Segment Open

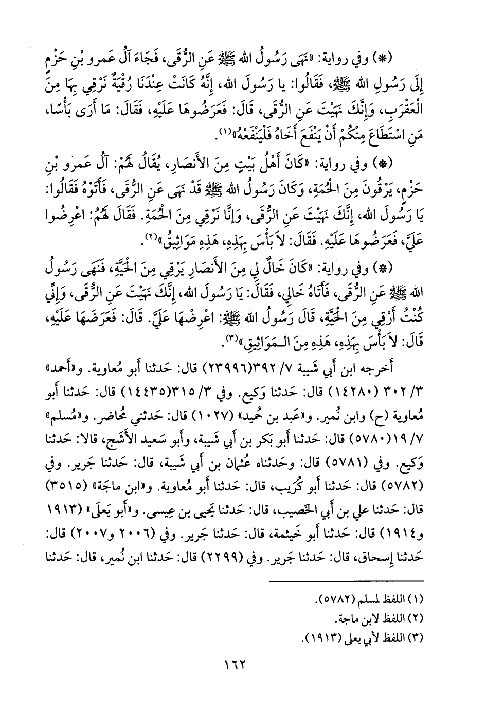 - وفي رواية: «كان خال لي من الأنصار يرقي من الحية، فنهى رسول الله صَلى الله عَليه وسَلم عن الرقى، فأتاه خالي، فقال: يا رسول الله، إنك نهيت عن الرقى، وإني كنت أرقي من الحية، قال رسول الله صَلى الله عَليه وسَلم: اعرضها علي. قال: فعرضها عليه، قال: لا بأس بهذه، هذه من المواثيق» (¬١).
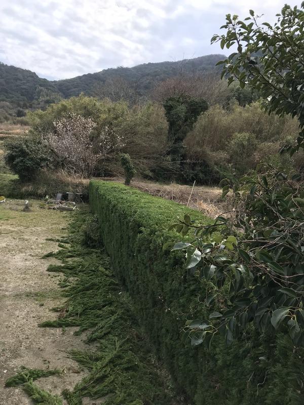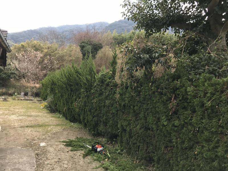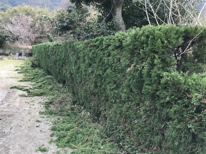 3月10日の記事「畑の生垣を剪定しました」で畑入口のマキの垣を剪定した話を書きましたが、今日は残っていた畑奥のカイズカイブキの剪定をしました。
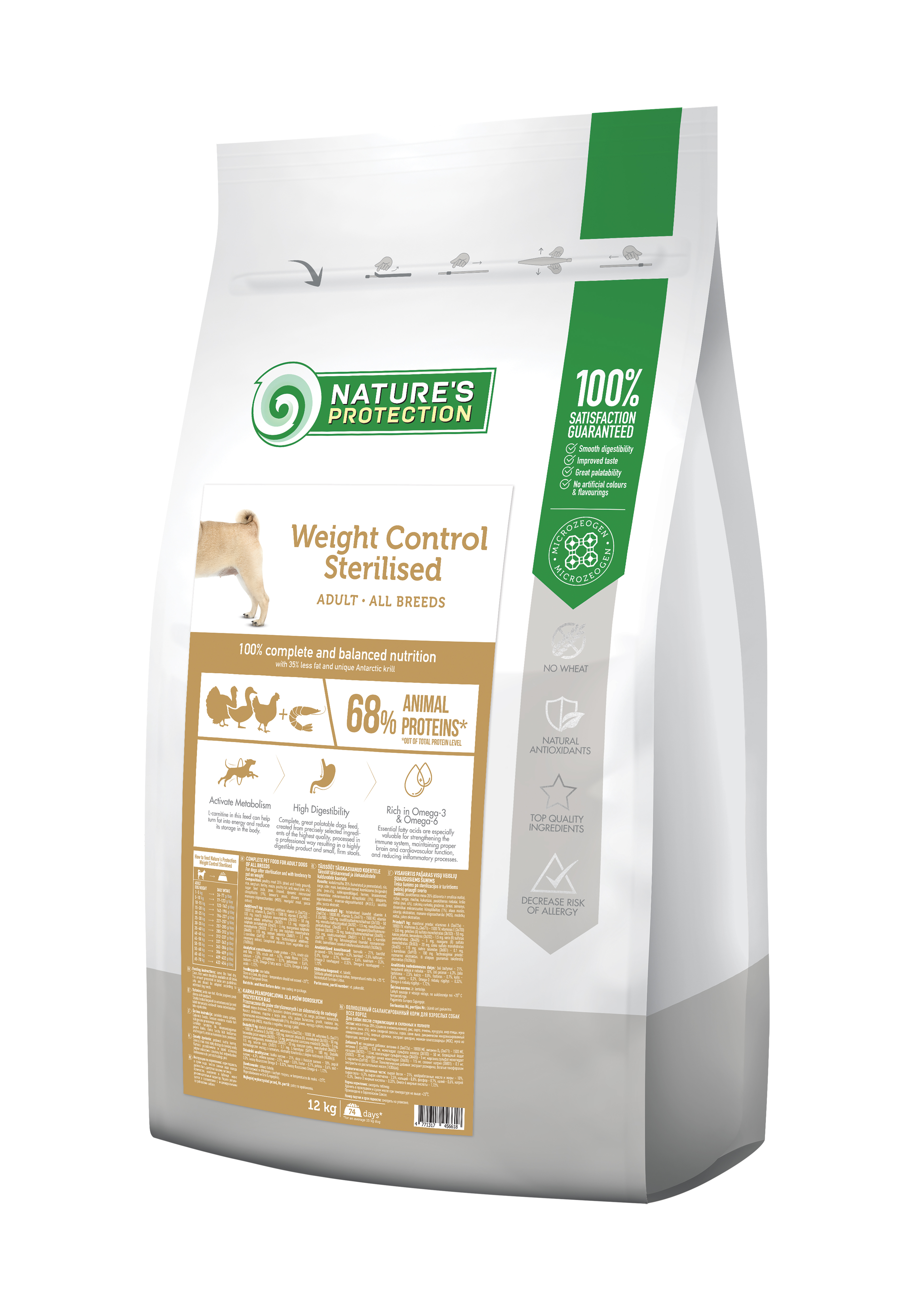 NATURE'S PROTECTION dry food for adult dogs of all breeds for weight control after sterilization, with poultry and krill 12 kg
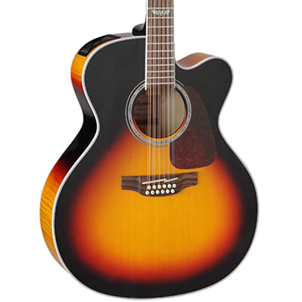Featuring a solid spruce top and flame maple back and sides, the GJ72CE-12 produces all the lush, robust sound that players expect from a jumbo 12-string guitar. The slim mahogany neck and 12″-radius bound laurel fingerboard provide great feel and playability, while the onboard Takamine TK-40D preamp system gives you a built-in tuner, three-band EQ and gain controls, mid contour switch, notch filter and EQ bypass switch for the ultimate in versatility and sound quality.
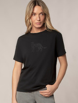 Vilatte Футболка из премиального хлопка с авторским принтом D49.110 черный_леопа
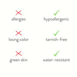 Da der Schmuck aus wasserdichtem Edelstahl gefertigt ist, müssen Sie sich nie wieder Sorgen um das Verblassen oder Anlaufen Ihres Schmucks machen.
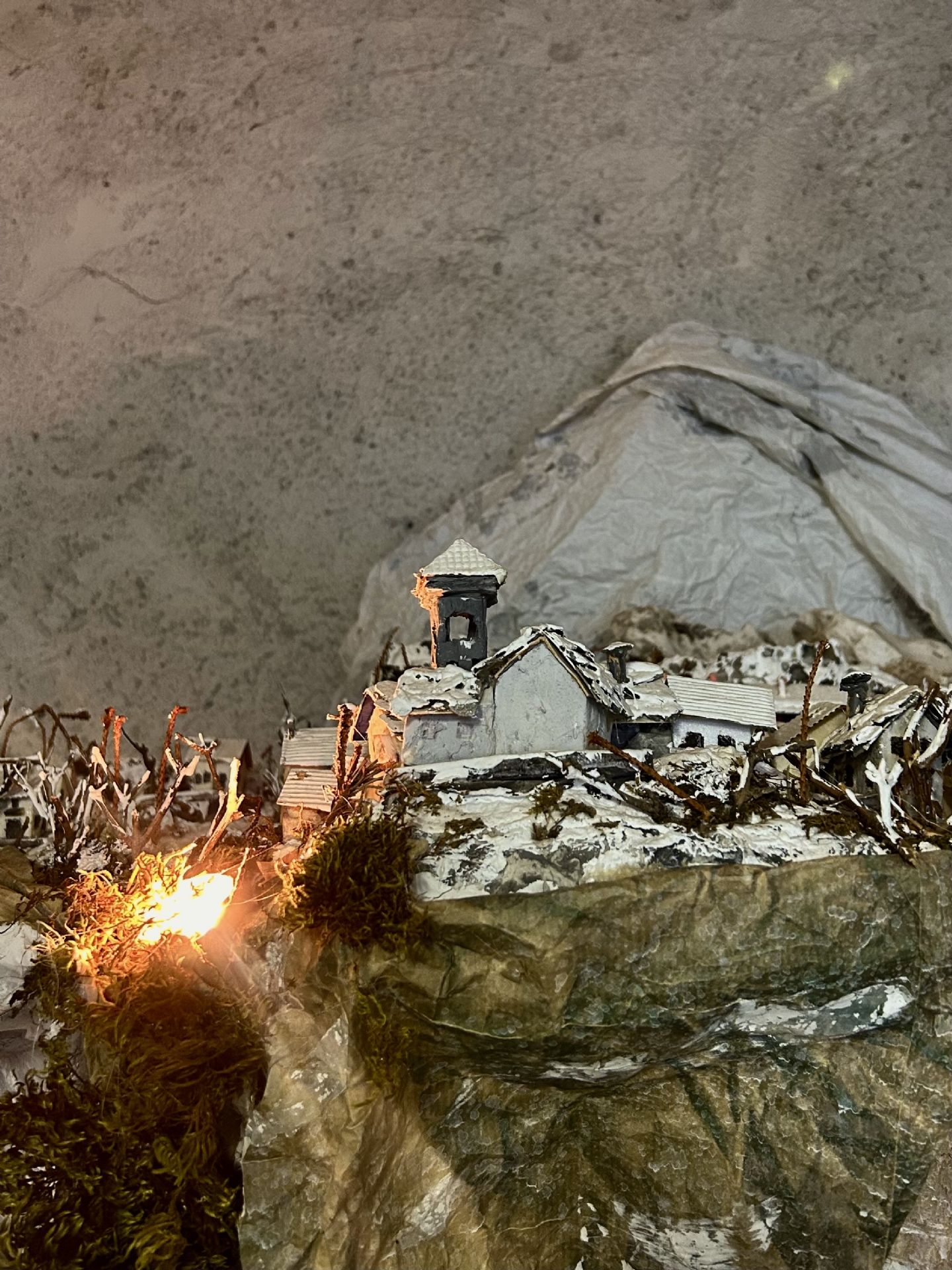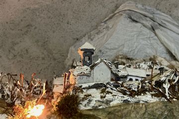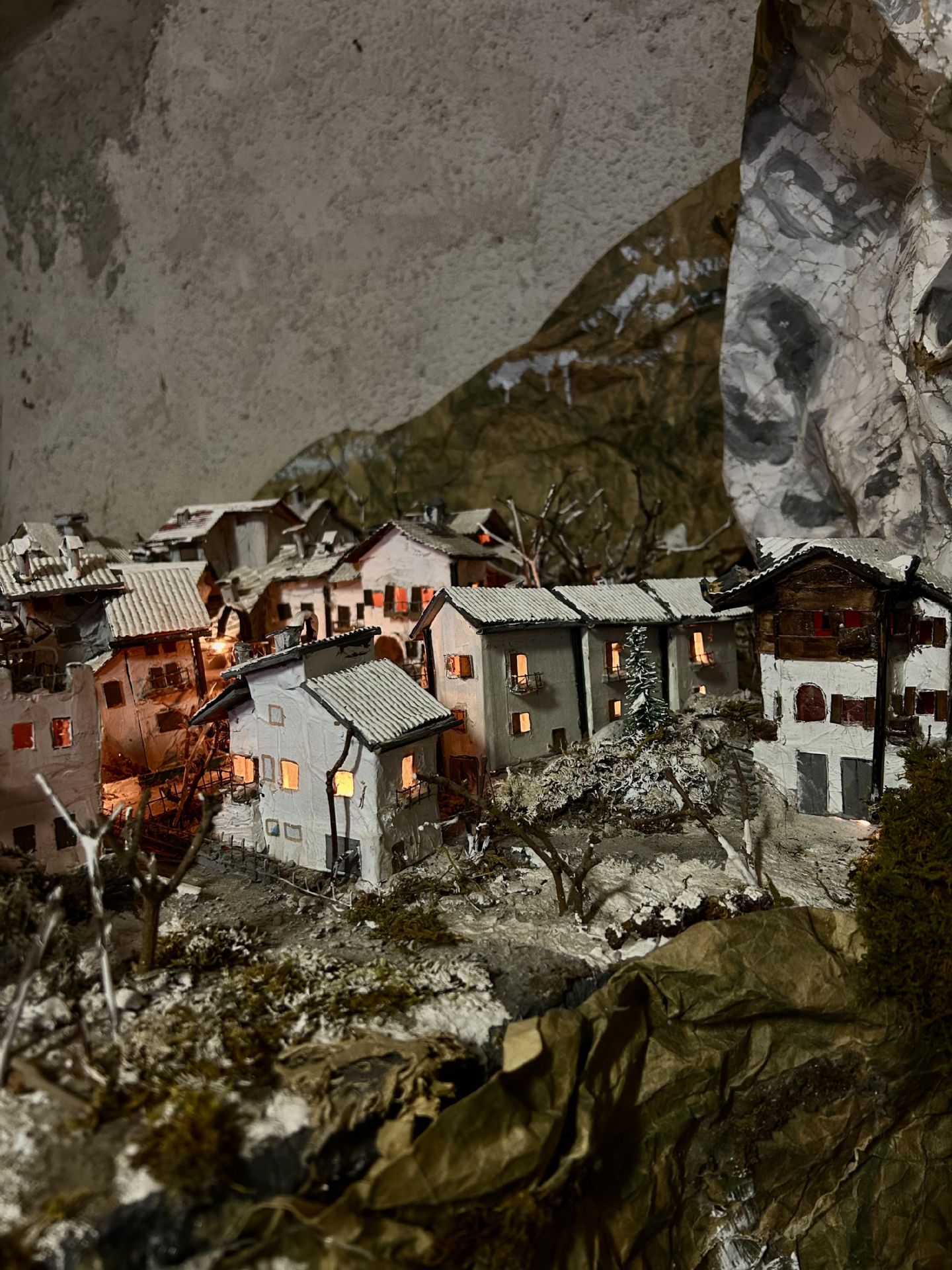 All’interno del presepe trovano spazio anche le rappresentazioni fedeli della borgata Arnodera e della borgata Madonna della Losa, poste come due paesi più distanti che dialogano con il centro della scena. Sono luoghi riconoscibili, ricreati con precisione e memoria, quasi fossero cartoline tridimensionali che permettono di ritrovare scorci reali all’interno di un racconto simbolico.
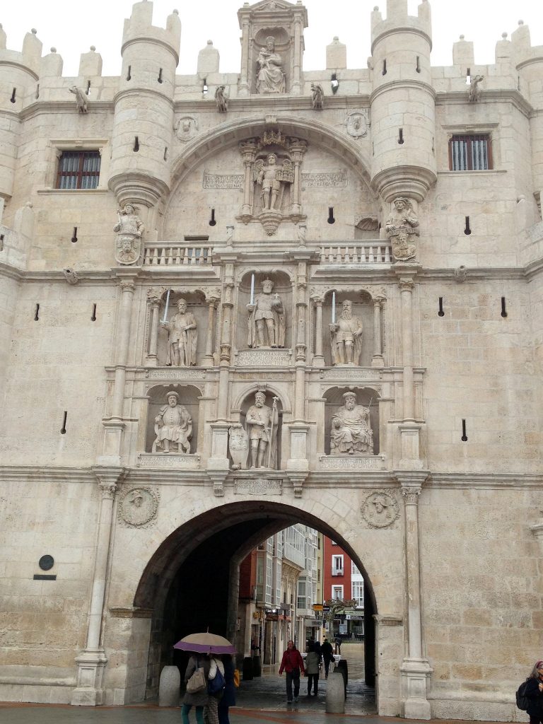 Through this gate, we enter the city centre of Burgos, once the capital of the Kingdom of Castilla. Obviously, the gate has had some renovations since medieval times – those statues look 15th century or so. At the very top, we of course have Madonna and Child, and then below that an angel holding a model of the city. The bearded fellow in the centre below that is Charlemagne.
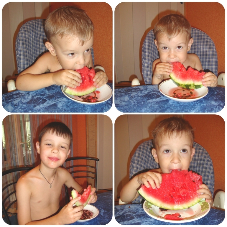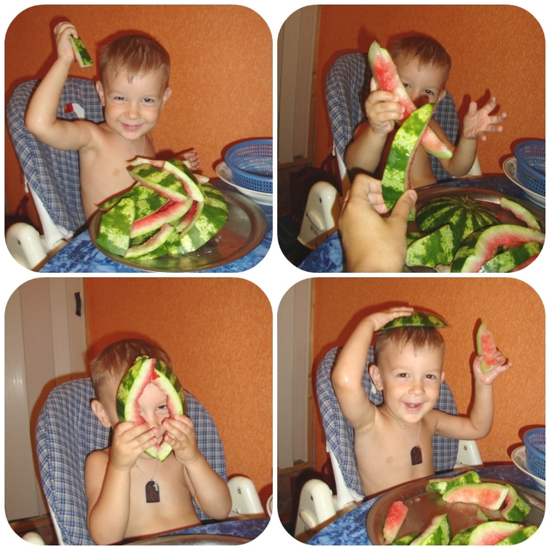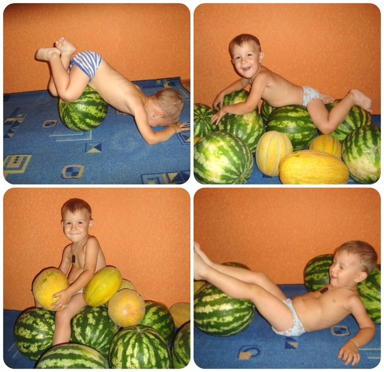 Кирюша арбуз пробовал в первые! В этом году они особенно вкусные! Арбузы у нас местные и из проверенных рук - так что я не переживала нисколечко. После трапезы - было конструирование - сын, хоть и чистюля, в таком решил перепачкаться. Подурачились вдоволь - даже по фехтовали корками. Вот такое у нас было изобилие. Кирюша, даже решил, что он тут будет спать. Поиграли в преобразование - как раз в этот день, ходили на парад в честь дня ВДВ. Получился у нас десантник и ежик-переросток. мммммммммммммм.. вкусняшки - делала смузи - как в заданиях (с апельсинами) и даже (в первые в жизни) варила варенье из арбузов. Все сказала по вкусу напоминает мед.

Segment Closed

ASSIGNMENT — Give exactly those lines of the listing that run from its first line through the line with "NATURE'S PROTECTION dry", leaving each picture out.

ANSWER —
 - وفي رواية: «كان خال لي من الأنصار يرقي من الحية، فنهى رسول الله صَلى الله عَليه وسَلم عن الرقى، فأتاه خالي، فقال: يا رسول الله، إنك نهيت عن الرقى، وإني كنت أرقي من الحية، قال رسول الله صَلى الله عَليه وسَلم: اعرضها علي. قال: فعرضها عليه، قال: لا بأس بهذه، هذه من المواثيق» (¬١).
 3月10日の記事「畑の生垣を剪定しました」で畑入口のマキの垣を剪定した話を書きましたが、今日は残っていた畑奥のカイズカイブキの剪定をしました。
 NATURE'S PROTECTION dry food for adult dogs of all breeds for weight control after sterilization, with poultry and krill 12 kg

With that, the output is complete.